Because we cannot assign Full Access mailbox permission directly to a distribution group, we will use two ForEach loops.
- To reference each group member, we will create a variable named $Members, which will serve as an array that contains all the members of a distribution group (Sales UK).
- Referencing the Exchange Online mailboxes. To reference all the user mailboxes, we will create an additional variable named $Mailboxes that will serve as a container for all the user mailboxes.
- The first ForEach section runs the command separately for each of the mailboxes.
- The next ForEach section (nesting ForEach) will run the command for each group member.
- The user who wants to share their mailbox is represented by the variable $Mailbox.Name.
- The part that describes the user who will have access to the user mailbox is represented by the variable $Member.Name.
See the below PowerShell command syntax.
- Type the Identity (primary SMTP address) of the distribution group in line 1
$Members = Get-DistributionGroupMember -Id "Identity"
$Mailboxes = Get-Mailbox -ResultSize Unlimited -RecipientTypeDetails UserMailbox
ForEach ($mailbox in $Mailboxes) {
ForEach ($member in $Members) {
Add-MailboxPermission $mailbox.Name -AccessRights FullAccess -user $Member.Name -InheritanceType All -AutoMapping $false
}
}
Run the PowerShell command example.
$Members = Get-DistributionGroupMember -Id "SalesUK@m365info.com"
$Mailboxes = Get-Mailbox -ResultSize Unlimited -RecipientTypeDetails UserMailbox
ForEach ($mailbox in $Mailboxes) {
ForEach ($member in $Members) {
Add-MailboxPermission $mailbox.Name -AccessRights FullAccess -user $Member.Name -InheritanceType All -AutoMapping $false
}
}
The PowerShell output will add the members of the distribution groups to bulk all user mailboxes.
In our example, the distribution group Sales UK consists of three members.

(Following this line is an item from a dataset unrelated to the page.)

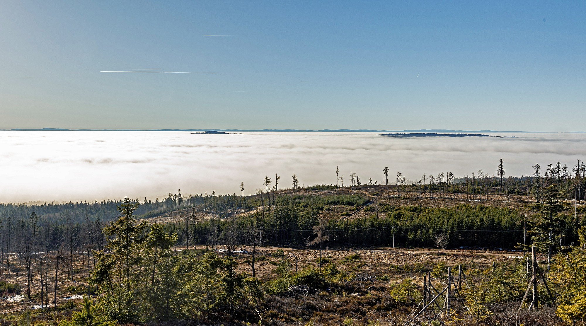 Sluncem zalité vrcholy Brd nad nízkou oblačností nabídly nádherné zrcadlení

So, it will add these three members to each user mailbox.
Identity User AccessRights IsInherited Deny
-------- ---- ------------ ----------- ----
0de964ae-f09a-4e6... S-1-5-21-70143928... {FullAccess} False False
0de964ae-f09a-4e6... S-1-5-21-70143928... {FullAccess} False False
0de964ae-f09a-4e6... S-1-5-21-70143928... {FullAccess} False False
ed01f464-daf9-42a... S-1-5-21-70143928... {FullAccess} False False
ed01f464-daf9-42a... S-1-5-21-70143928... {FullAccess} False False
ed01f464-daf9-42a... S-1-5-21-70143928... {FullAccess} False False
5f4d37cd-383c-413... S-1-5-21-70143928... {FullAccess} False False
5f4d37cd-383c-413... S-1-5-21-70143928... {FullAccess} False False
5f4d37cd-383c-413... S-1-5-21-70143928... {FullAccess} False False
091c4453-82be-47c... S-1-5-21-70143928... {FullAccess} False False
091c4453-82be-47c... S-1-5-21-70143928... {FullAccess} False False
091c4453-82be-47c... S-1-5-21-70143928... {FullAccess} False False
41377e9c-dc47-46c... S-1-5-21-70143928... {FullAccess} False False
41377e9c-dc47-46c... S-1-5-21-70143928... {FullAccess} False False
41377e9c-dc47-46c... S-1-5-21-70143928... {FullAccess} False False
6ec79c8e-5a84-499... S-1-5-21-70143928... {FullAccess} False False
6ec79c8e-5a84-499... S-1-5-21-70143928... {FullAccess} False False
6ec79c8e-5a84-499... S-1-5-21-70143928... {FullAccess} False False
f034e5cd-4abb-47c... S-1-5-21-70143928... {FullAccess} False False
f034e5cd-4abb-47c... S-1-5-21-70143928... {FullAccess} False False
f034e5cd-4abb-47c... S-1-5-21-70143928... {FullAccess} False False
7bfec79d-7806-484... S-1-5-21-70143928... {FullAccess} False False
7bfec79d-7806-484... S-1-5-21-70143928... {FullAccess} False False
7bfec79d-7806-484... S-1-5-21-70143928... {FullAccess} False False
7. Assign user permission to list of users from CSV file
We want to provide a user mailbox permission to multiple users (recipients). The difference is that you will create a list of users in a CSV (comma-separated value) file format.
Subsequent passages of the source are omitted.